Ньепс, я склоняю перед тобою голову. Великий Нисефор, я снимаю свой берет. И если Дагер, как титан Эпиметей, открыл ящик Пандоры, выпустив на свет божий непрекращающиеся щелчки фотокамер, бесконечные вспышки и движение пленки, именно ты, великий Мятежник, украл у богов дар безграничного видения, превращения вида в память, сиюминутного — в вечное — иными словами, дар бессмертия — и преподнес его человечеству. Где ты сейчас, о титан-провидец, Прометей пленки? Если боги покарали тебя, если ты прикован к скале высоко в Альпах и пернатый хищник выедает твои внутренности, вот тебе в качестве утешения последняя новость: боги умерли, а фотография жива и невредима. Олимп? Ха! Сейчас это — фотокамера.


Фотография — мой способ познания мира.

Когда умерла моя мать, я сфотографировал ее, остывшую, на смертном одре. Ее профиль невероятно истончился, но оставался прекрасным. Ярко освещенная на фоне темноты, с глубокими, темными впадинами щек, она напоминала египетскую царицу. Мне пришла на ум женщина-фараон Хатшепсут, на которую была похожа Вина, и тогда до меня дошло. Моя мать была похожа на Вину; или на Вину, постаревшую и умершую в своей постели. Когда я напечатал самый удачный, с моей точки зрения, кадр в формате 8х10, я написал на обороте жирным черным маркером: «Шипы в суп».

Когда умер отец, я сфотографировал его до того, как его вынули из петли. Я попросил, чтобы меня оставили с ним наедине, и отщелкал целую пленку. Большинство снимков не захватывало лица. Меня больше интересовало то, как ловились тени на его свисавшее с вентилятора тело, и тень, которую он сам отбрасывал в свете раннего утра, — слишком длинная для такого маленького человека.

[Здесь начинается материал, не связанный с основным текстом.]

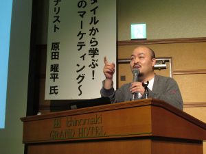つづいて新春講演会が行われ、講師には日本テレビ「ZIP!」などでお馴染みのマーケティングアナリスト 原田 陽平 氏をお招きし、「若者のライフスタイルから学ぶ!〜増税期のマーケティング〜」の演題でご講演をいただきました。
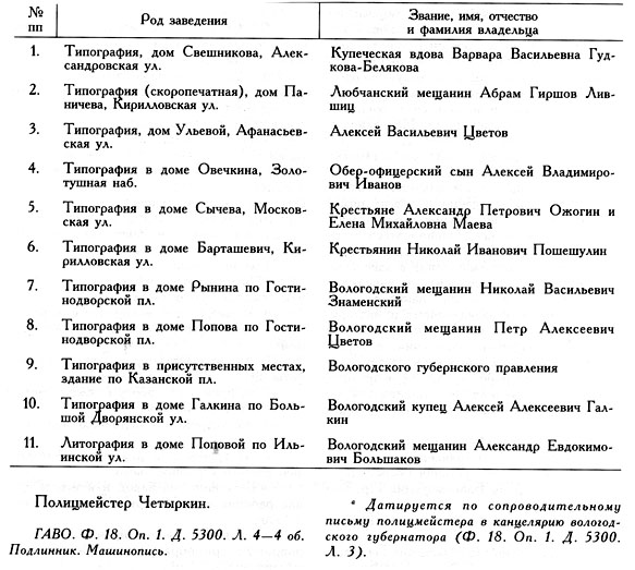 [a] Датируется по сопроводительному письму старшего фабричного инспектора Вологодской губернии начальнику Вологодского губернского жандармского управления (Ф. 108. On. 1. Д. 964. Л. 31).

Я считал это данью моего к ним уважения.

После того как их не стало, я принялся бродить по улицам любимого ими — столь по-разному — города. Эта любовь часто подавляла и сковывала меня, но теперь я захотел ощутить ее сам, захотел почувствовать их присутствие, полюбить то, что любили они, и таким образом стать тем, чем они были. И фотография была для меня способом чему-то научиться у их любви. Поэтому я фотографировал рабочих на строительной площадке Кафф-парейд, уверенно, без усилий сохраняющих равновесие, когда они шли по стреле крана в сотне футов над землей. Я присвоил себе водоворот соломенных корзин на Кроуфордском рынке; я не проходил мимо неподвижных фигур, что спали, положив под голову жесткую подушку тротуара, лицом к стене, пропахшей мочой, под зазывающими афишами с грудастыми кинобогинями, чьи губы — как диванные валики. Я фотографировал политические лозунги на зданиях в стиле ар-деко и детей, ухмыляющихся из носка гигантского Старушкина Башмака. В Бомбее легко быть слоняющимся фотографом. Легко делать интересные снимки и почти невозможно сделать хороший. Город бурлил, люди в нем собирались и глазели, потом отворачивались и забывали. Показывая мне все, что я хотел, он не говорил мне ничего. Каждый раз, когда я наводил свою камеру — видишь это? видишь? — мне казалось, что я заметил что-то стоящее, но обычно это что-то оказывалось чрезмерным: слишком красочным, слишком гротескным, слишком удачным. В этом городе было что-то от экспрессионизма — он на вас кричал, сам оставаясь в черной полумаске. Шлюхи, канатоходцы, транссексуалы, кинозвезды, калеки, миллиардеры — каждый из них был эксгибиционистом и каждый был неуловим. Была захватывающая, ужасающая бесконечность толпы на вокзале Чёрчгейт по утрам, но эта же бесконечность делала толпу непостижимой; была рыба, которую сортировали на пирсе в Сассунском доке, но вся эта суета мне ни о чем не говорила, оставаясь просто суетой. Посыльные доставляли по городу коробки с завтраками, но коробки хранили свои тайны. Было слишком много денег, слишком много нищеты, слишком много обнаженных тел, слишком много притворства, слишком много ярости, слишком много алого, слишком много пурпура. Слишком много разбитых надежд и ограниченных умов. И много, чрезмерно много света.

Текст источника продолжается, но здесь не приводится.